Community
cancel
Showing results for 
Search instead for 
Did you mean: 
Highlighted
Beginner
288 Views

MPI_IRECV sporadically hangs for Intel 2019/2020 but not Intel 2018

We are experiencing strange behavior where mpi_irecv calls sometimes hang for Intel 2019 and Intel 2020 but not Intel 2018.  The issue seems to be related to the fabric.  For Intel 2018 we could use the DAPL or OFA fabric but with Intel 2019/2020 these fabrics were removed and you need to use OFI. 

I've attached a small test case that exhibits the problem on our Linux cluster.  The test case is for 2 MPI processes.  The issue only occurs if the 2 MPI processes are on two distinct physical nodes in the cluster.  If you assign the 2 MPI processes to a single physical node, the hang does not occur.  The run.sh script drives the test cases, and you can select different Intel versions.  I've attached the output we see on our cluster in the screen*.txt files for the different Intel versions.

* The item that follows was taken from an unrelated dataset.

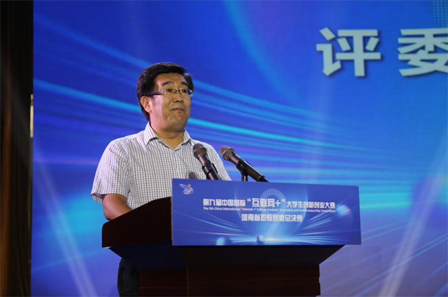 周保平致歡迎辭,簡要介紹了學(xué)校悠久的辦學(xué)歷史、鮮明的辦學(xué)特色、顯著的辦學(xué)成效及雙創(chuàng)工作的突出成績。學(xué)校高度重視創(chuàng)新創(chuàng)業(yè)工作,深入貫徹新發(fā)展理念,主動融入產(chǎn)業(yè)升級和國家創(chuàng)新驅(qū)動發(fā)展戰(zhàn)略,不斷加強(qiáng)創(chuàng)新創(chuàng)業(yè)工作頂層設(shè)計(jì),加強(qiáng)產(chǎn)學(xué)研轉(zhuǎn)創(chuàng)共同育人模式,通過多種方式培養(yǎng)學(xué)生的創(chuàng)新精神、創(chuàng)業(yè)意識和解決實(shí)際問題的能力。充分發(fā)揮各級各類雙創(chuàng)賽事的引領(lǐng)和承載作用,以賽促教、以賽促學(xué)、以賽促創(chuàng),大力培養(yǎng)師生“敢闖會創(chuàng)”的拼搏精神。學(xué)校堅(jiān)持產(chǎn)教融合、專創(chuàng)融合,不斷完善創(chuàng)新創(chuàng)業(yè)服務(wù)功能,著力打造區(qū)域性創(chuàng)新創(chuàng)業(yè)人才培養(yǎng)示范區(qū)和創(chuàng)新創(chuàng)業(yè)實(shí)踐基地,營造了“想創(chuàng)業(yè)、敢創(chuàng)業(yè)、會創(chuàng)業(yè)”良好的創(chuàng)新生態(tài)。近年來,學(xué)校獲得中國國際“互聯(lián)網(wǎng)+”大學(xué)生創(chuàng)新創(chuàng)業(yè)大賽國賽1金、3銀、8銅,省賽36金、58銀、59銅的佳績。她表示,在承辦過程中,學(xué)校將努力為各參賽隊(duì)的師生做好全方位服務(wù)工作,并嚴(yán)格按照競賽要求,公開、公平、公正地做好賽事組織工作。希望以此次大賽為契機(jī),在互學(xué)互鑒中汲取智慧,在取長補(bǔ)短中合作共贏。

We've scoured the code and it seems to be correct.  With Intel 2018, our production code runs flawlessly on Intel 2018 over a wide-range of problems and number of MPI processes/cluster nodes, but quite a few of these problems hang with Intel 2019/2020. 

We know that Intel MPI 2019 had a lot of changes from 2018, so we are wondering if there is some default setting that changed, e.g., MPI buffer sizes, that might be the cause of the problem. 

Thanks,

John

0 Kudos
8 Replies
Highlighted
241 Views

John,

I am seeing similar problems in the 2020 MPI libraries when executing on multiple physical nodes (but not on a single physical node).  I have not been able to find a solution.

Rob

0 Kudos
Highlighted
Beginner
231 Views

Has someone from Intel been able to take a look a this yet?  This is currently a showstopper bug for our code.  We have confirmed it on our cluster as well as one of our customer's cluster (with Intel 2020).

Thanks,

John

0 Kudos
Highlighted
Moderator
195 Views

Hi John,


We have tested your code and ran it several times in our environment with both 2019 and 2020 versions.

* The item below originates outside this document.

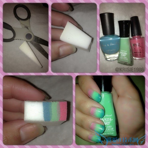 25. Ombre nails take a lot of work. Or not! Use this simple sponge method to apply several colors of polish at once! No waiting for several shades to dry before your nails are done.凤尾指甲做起来很麻烦。非也!用海绵涂指甲油法,就可以一次同时涂几个颜色了!这样就不用一层一层地涂指甲油再等着慢慢变干了。
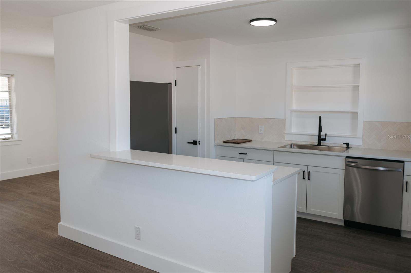 Experience refined coastal living in this completely renovated residence located on one of the highest elevations in Bradenton, where flood concerns are not an issue and no flood insurance is required. Thoughtfully updated from top to bottom with exceptional construction quality, this home offers true peace of mind with a 2022 roof, brand new 2025 water heater, and beautifully refreshed systems and finishes throughout. The interior showcases a bright, open layout with designer flooring, a stunning kitchen featuring custom cabinetry, quartz countertops, stainless steel appliances, open shelving, and seamless flow into the living and dining areas, ideal for both everyday living and entertaining. The spa inspired bathroom features elegant tilework and modern fixtures, while a versatile laundry room offers flexibility to easily convert into an additional bedroom, office, or bonus space, with plumbing already in place. The spacious yard provides ample room to add a pool and is complemented by newly installed fencing along both sides of the property for added privacy. Located in a great neighborhood close to top rated schools, IMG Academy, shopping, dining, downtown Bradenton, Sarasota, and the world renowned beaches of Anna Maria Island, this home offers a rare combination of elevated location, quality craftsmanship, and true turnkey convenience with absolutely nothing left to worry about.

The only difference I have made is changing the provider from verbs to mlx. Since 2019u5 version mlx is recommended over verbs on InfiniBand.

To change the provider set FI_PROVIDER=mlx, else if you don't provide any value it will automatically select mlx in latest versions.

I ran it over fifty times and found no lag using below command:

for run in {1..50}; do mpirun -env I_MPI_PIN_DOMAIN auto -env I_MPI_FABRICS=shm:ofi -f hosts -n 2 -ppn 1 ./a.out ;done


Please check with mlx meanwhile, we will get back to you after further investigation.


Regards

Prasanth


0 Kudos
Highlighted
Beginner
183 Views

Prasanth,


1. Thank you for looking at this.  I just want to confirm whether or not you ran the two mpi processes on a single physical node or two distinct physical nodes (one process per node).  The hang does not occur for us  you run the two mpi processes on a single physical node. It requires two distinct nodes (which I guess prevents shared memory communication).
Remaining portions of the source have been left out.